Il faut pouvoir cibler les priorités, c'est-à-dire définir les dangers, les sources et les risques prioritaires. Nous disposons de l'expertise nécessaire pour cela ; encore faut-il lui donner des moyens ambitieux.
Les enjeux pour l'eau résident dans la fiabilité des filières de traitement, y compris pour de petites communes qui n'en ont pas les moyens. Il faut aussi trouver les sources prioritaires pour annuler les rejets dans l'environnement et travailler sur la question des stockages d'eau. Face aux perspectives de pénurie de masses d'eau, la tendance va être à une augmentation du stockage. Or stocker l'eau dans de mauvaises conditions en dégrade la qualité. La qualité des matériaux est également un enjeu important.
Il faut en outre arrêter de réagir au coup par coup et développer une vraie politique continue. Il existe de nombreux plans (plan micropolluants, etc.) : encore faut-il les doter des moyens suffisants, adaptés à l'ambition de l'exposome, de l'évaluation globale des risques. Je le répète : nous avons accompli de grands progrès depuis quinze ans. Je les ai suivis à travers mes expertises à l'Anses, au Haut Conseil de la santé publique, etc. Mais la France devrait être plus ambitieuse en la matière et surtout être présente avec cette ambition au niveau européen, pour ne pas se retrouver en minorité face à l'Allemagne ou aux Pays-Bas.
Il faut par ailleurs cesser de s'étonner à chaque nouvelle crise (chlordécone, PCB, plastifiants, etc.) et organiser un circuit court d'information entre les décideurs et la science, qui présente beaucoup de données mais reste dans un milieu spécifique, avec une lecture souvent compliquée, des rapports extrêmement longs. Cela permettrait par exemple de ne pas s'étonner de la découverte d'une pollution par les PCB dans la Seine alors que les scientifiques le savent et le disent depuis vingt ans.
On observe en outre de nombreuses pressions, lobby contre lobby. Dans ce contexte, il est essentiel de promouvoir l'exigence d'objectivité scientifique et de transparence, avec par exemple la création de ce GIEC de la pollution chimique que j'appelle de mes voeux. L'ensemble de la société a besoin de cette expertise pour éviter les polémiques, controverses et batailles entre les extrêmes.

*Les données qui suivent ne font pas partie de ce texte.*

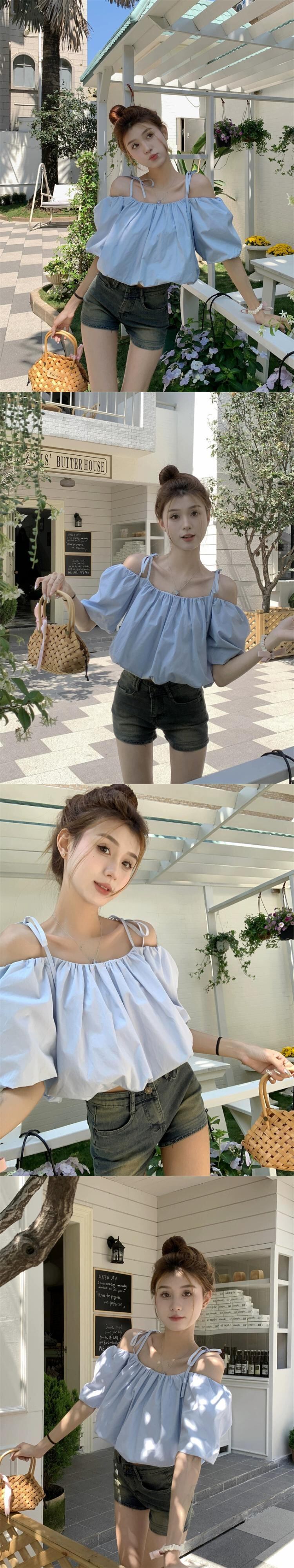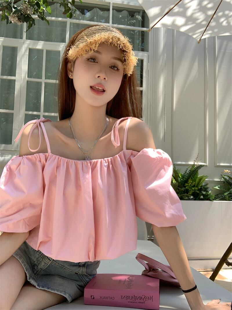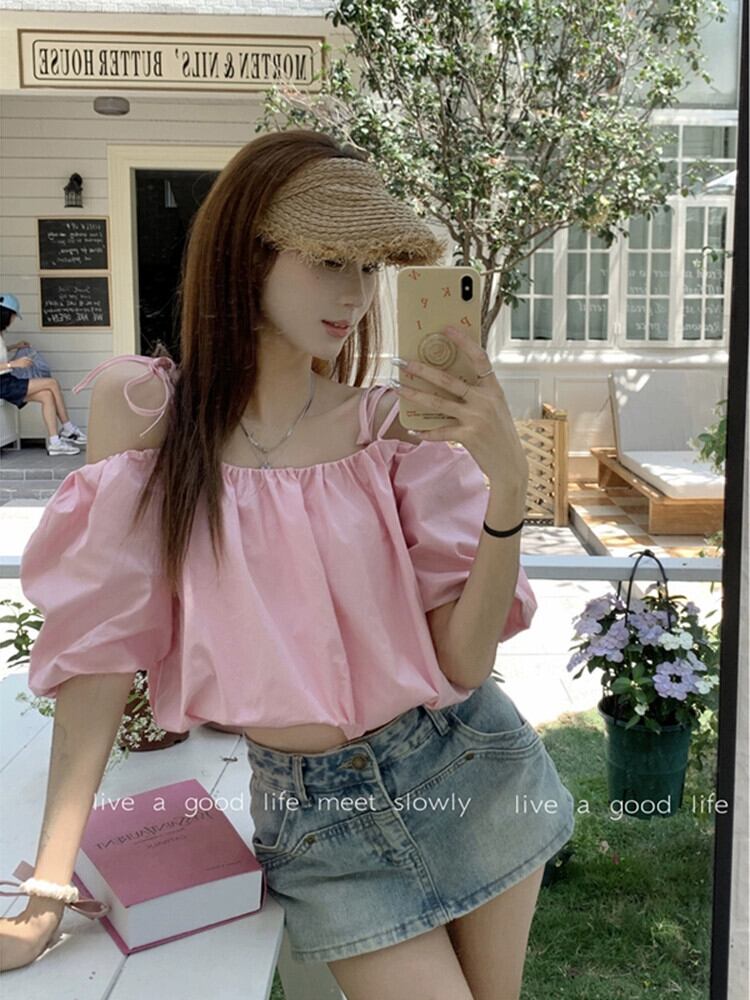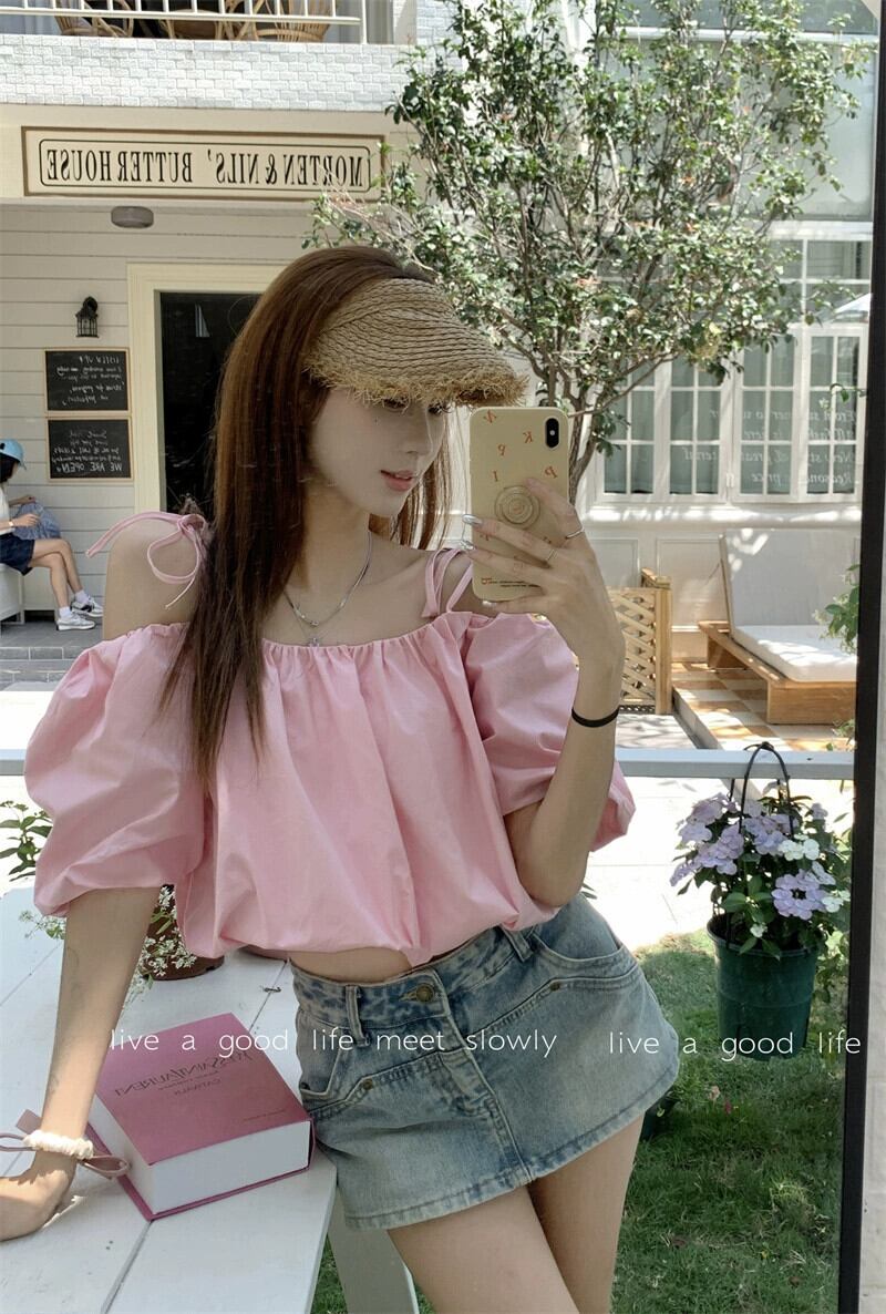 Sweet Girl パフスリーブシャツ レディース 2023夏 ワンショルダー感覚 ゆったり ショートスリング 半袖トップス 大人ガーリー スウィート キュート カジュアル サマー 夏物 missk20934673494
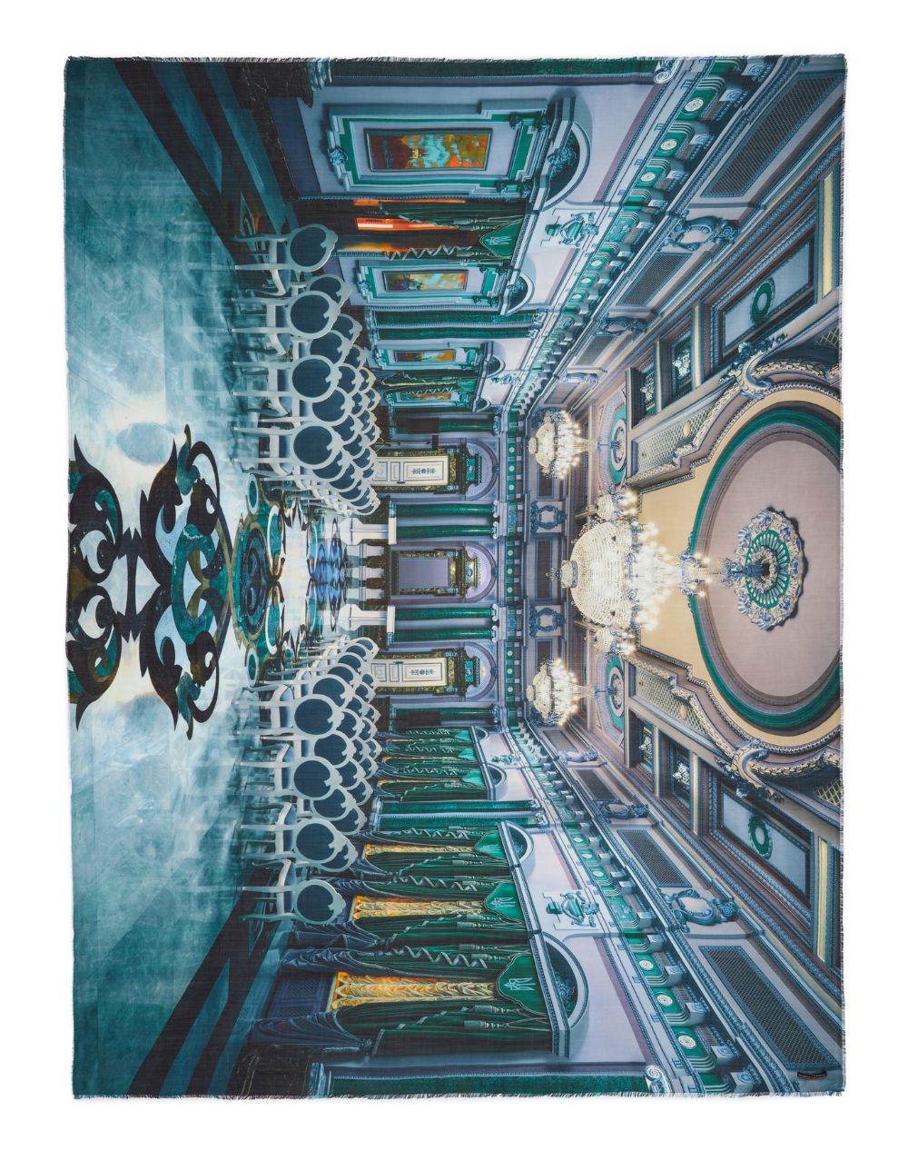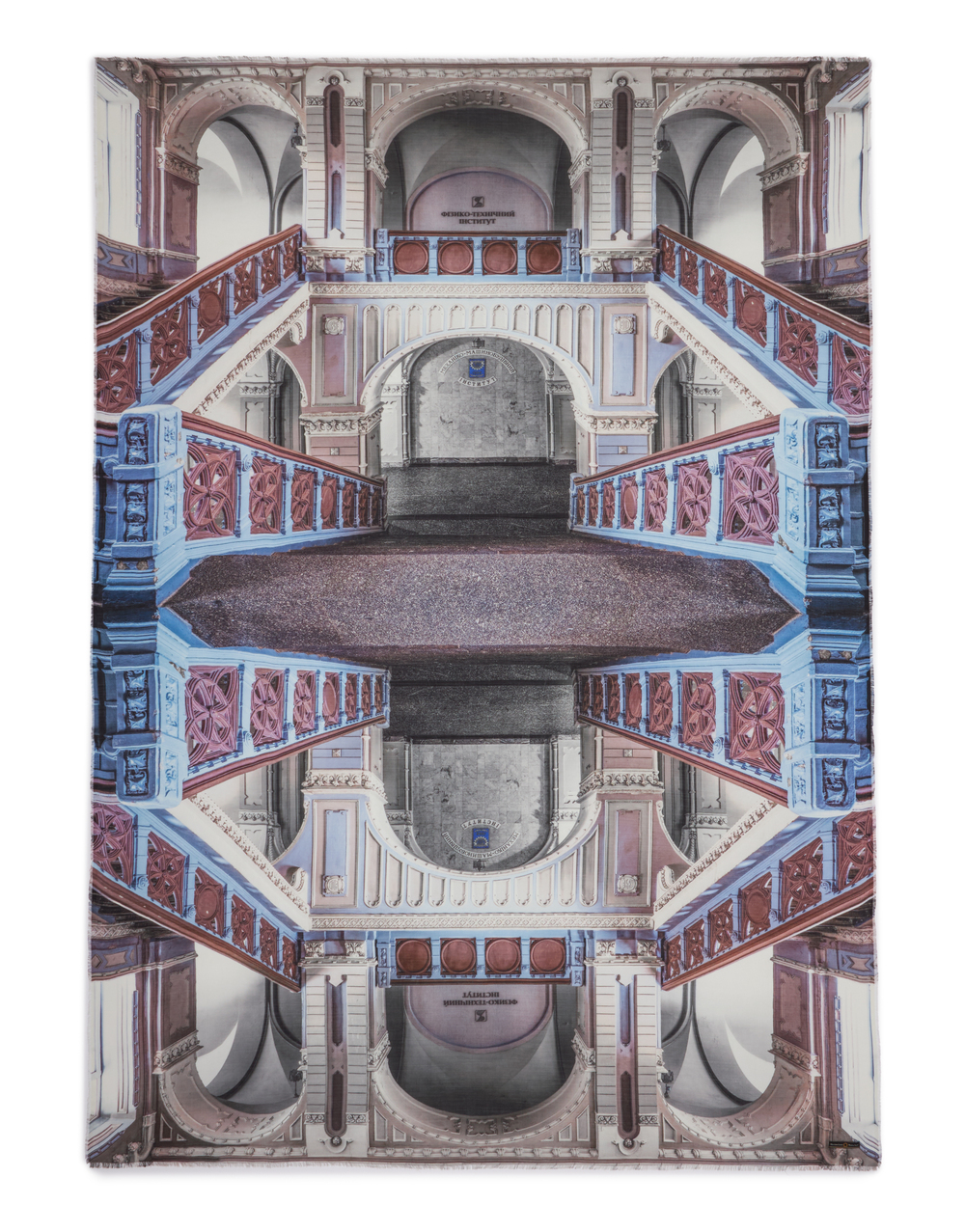 上下反転して反復した像は贅沢なピュアシルクの

La France dispose assurément des compétences ; il faut désormais un investissement réellement à la hauteur des enjeux.
J'en profite pour vous informer que le 14 juin prochain, dans cette même noble maison, se tiendra une après-midi organisée avec la fondation de l'Académie nationale de médecine et des parlementaires sur l'enjeu de la pression chimique globale.